However, when comparing CO1 and P2—which both excite approximately equal surface areas in V1—we observe no significant difference (p = 0.24, p = 0.52, and p = 0.65, respectively, for the naturalness, concealment and field-versus-ocean tasks). To support this finding, we calculated the Bayes factors to estimate the likelihood that performance in these conditions was indeed equal.
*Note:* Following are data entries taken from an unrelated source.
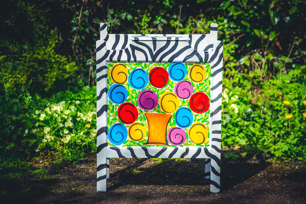 Hand painted hall stand in our Reckless Rosie design. Finished with a hard wearing protective sealer. A great piece to brighten up any space with both storage and display areas.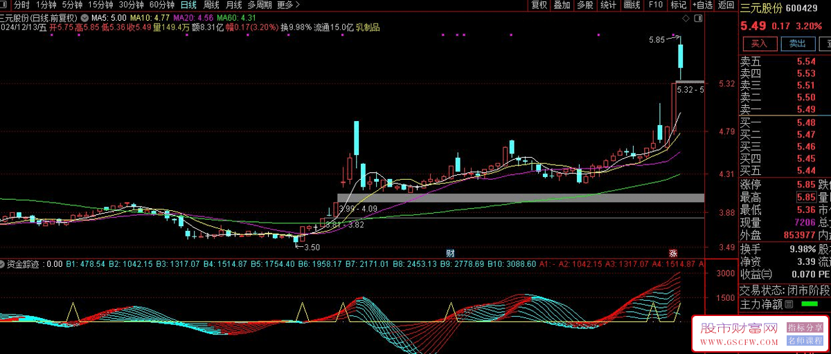 通达信【资金踪迹】副图指标,上攻三角形态选股_展示图_01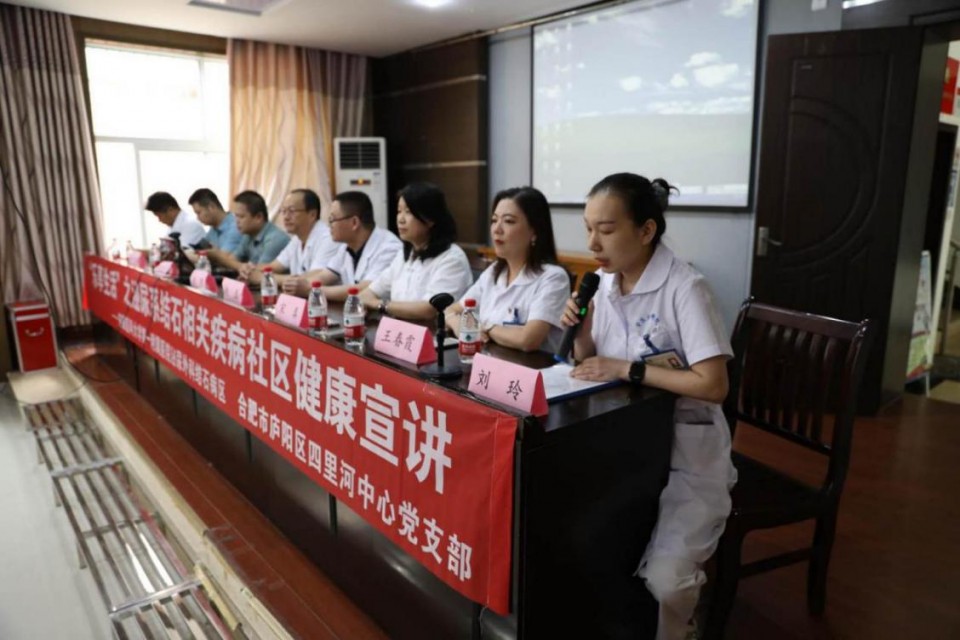 在四里河社区吴郢社居委会议室,社区居民坐得满满当当。刘明副主任医师、赵磊副主任医师、宋真护士长、王春霞护士长、宋正尧主治医师、阮厚鑫主治医师、王静主管技师、余璐主管护师、万景红护师针对泌尿系结石、泌尿系感染等方面的预防与治疗等给予健康指导,耐心答疑解惑。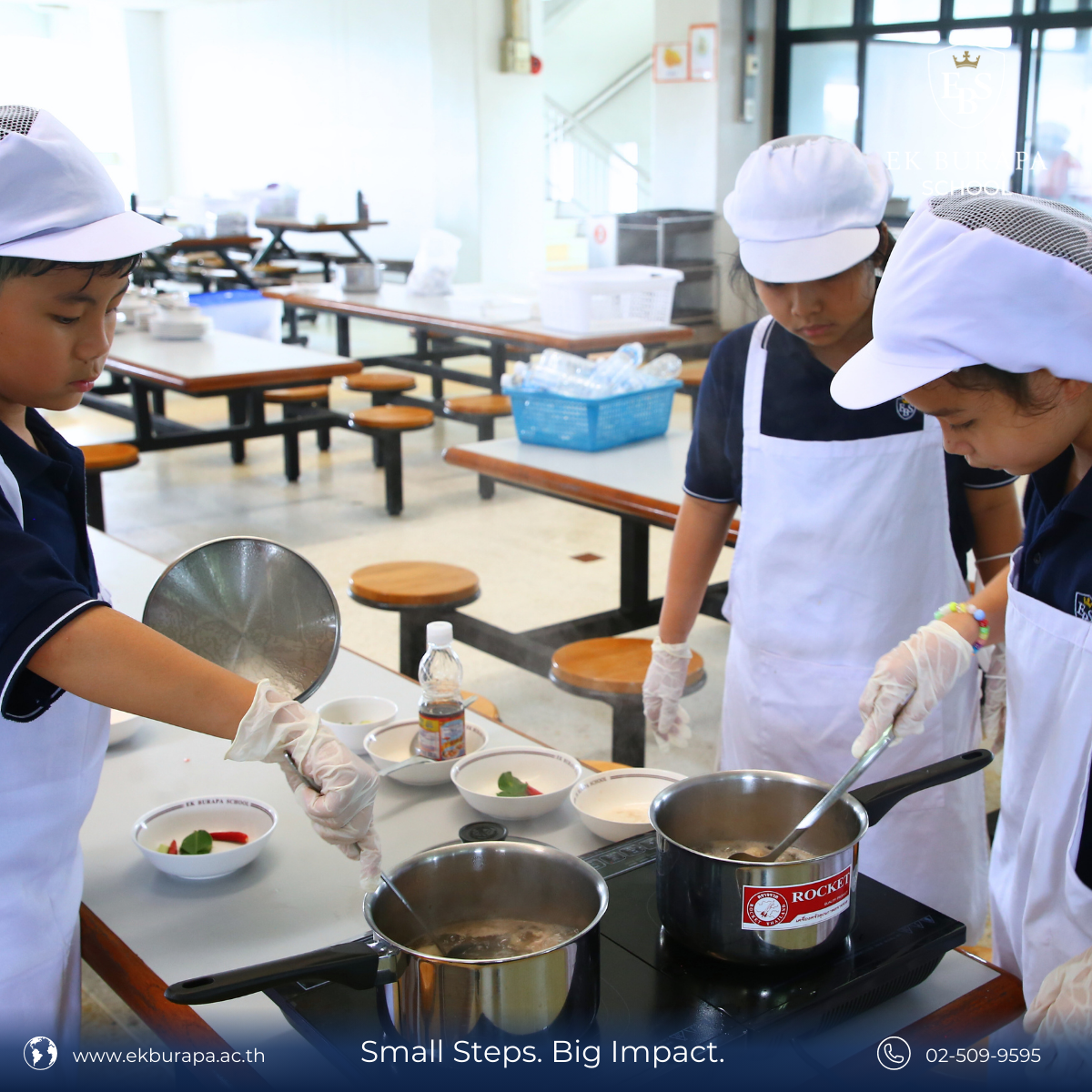 นักเรียนได้ลงมือทำเมนู “ต้มยำไก่” เพื่อฝึกทักษะชีวิตที่สำคัญ เช่น การวางแผน การแบ่งหน้าที่ การทำงานร่วมกัน และการประกอบอาหารอย่างถูกสุขลักษณะ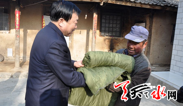天天天水网讯(记者 令文慧)1月27日,天水市副市长雷鸣深入“联村联户、为民富民”行动联系点秦州区藉口镇杜家山村,看望慰问联系户,为他们送去了大米、棉被等慰问品,并向他们致以新春的问候和祝福。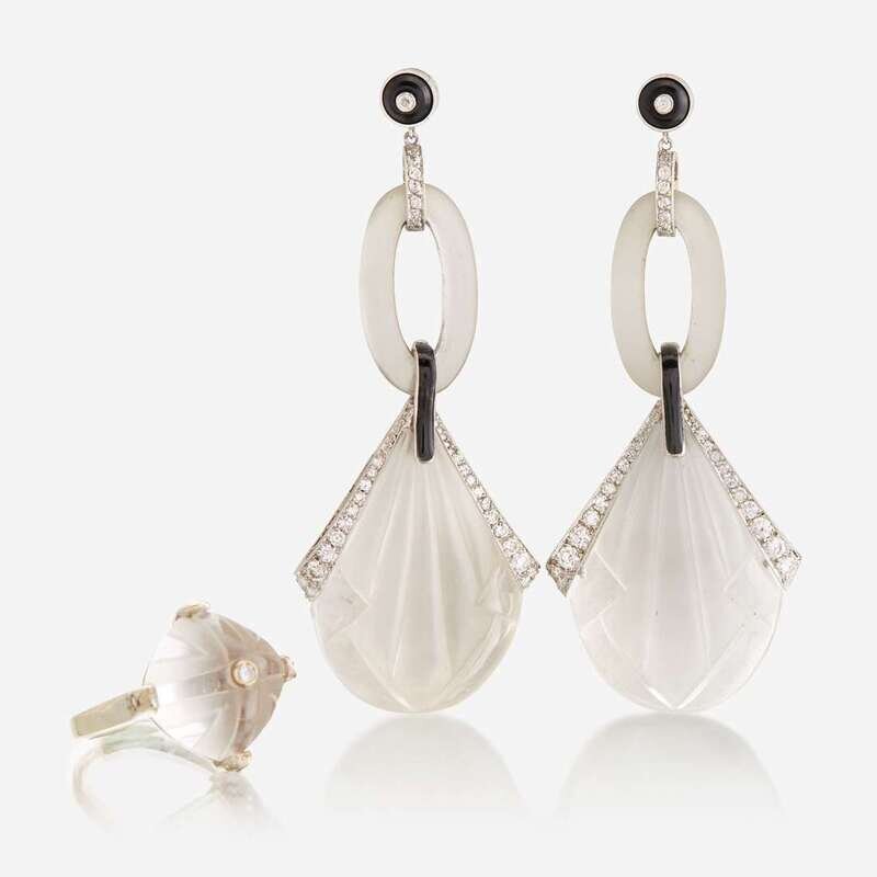 the geometrically carved rock crystal drop earrings accented by diamond-set millegrained platinum bars and black enamel; the sugarloaf carved rock crystal ring accented by single-cut diamonds.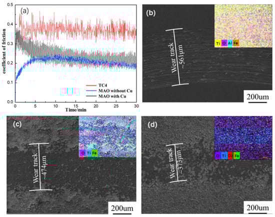 The friction curves of TC4 and two MAO coatings is shown in Figure 4a. The friction coefficient of the TC4 substrate was high and fluctuated greatly. Compared with the substrate, the friction coefficient of the MAO coating without Cu changed low, but its fluctuations are still evident. The friction coefficient of the MAO coating with Cu was smooth and the fluctuation is very small in the simulated seawater, showing excellent tribological behavior, which was due to the self-lubrication of Cu in the MAO coating. Figure 4b illustrates the wear track (about 561 μm) of the TC4 alloy, showing furrow wear property. Fe element from the grinding ball appeared in the wear track, and the distribution of O at the wear track was obvious, indicating the oxidation phenomenon occurred during the wear process in the simulated seawater. As shown in Figure 4c,d, the wear tracks of the two MAO coatings were 474 μm and 373 μm, respectively. It could be found that smooth and continuous oxide glaze layers were formed, which is characteristic of adhesive wear. For the MAO coating with Cu in particular, the existence of Cu had a self-lubricating effect and improved the tribological property in simulated seawater.

The Bayes factors were 1.2 for naturalness, 3.5 for concealment, and 3.6 for field vs. ocean, meaning that the null hypothesis was 1.2, 3.5, and 3.6 times as likely. These values indicate no evidence for the naturalness condition, and moderate evidence for the other conditions, that participants' performance is independent of eccentricity when a comparable area of the cortical V1 surface is activated (Jeffreys, 1961). 
Psychophysical fits
Figure 4A illustrates the fits to the pooled accuracy data for the various eccentricity conditions, and therefore the effects of noise on scene-gist perception. Each plot shows data from the three discrimination tasks, respectively. The estimated fit parameters and the 95% confidence intervals are reported in Supplementary Table S2. Values of R2, resulting from the goodness-of-fit test, varied between 0.06 and 0.84. We note that condition C1 in the field-versus-ocean task has an R2 of 0.06, which is very low in comparison to the other conditions. Besides a fairly poor goodness of fit, we also find that the fit in Palamedes did not converge on a solution in this particular condition. Any estimated fit parameters are therefore unreliable and will not be included in the analysis. 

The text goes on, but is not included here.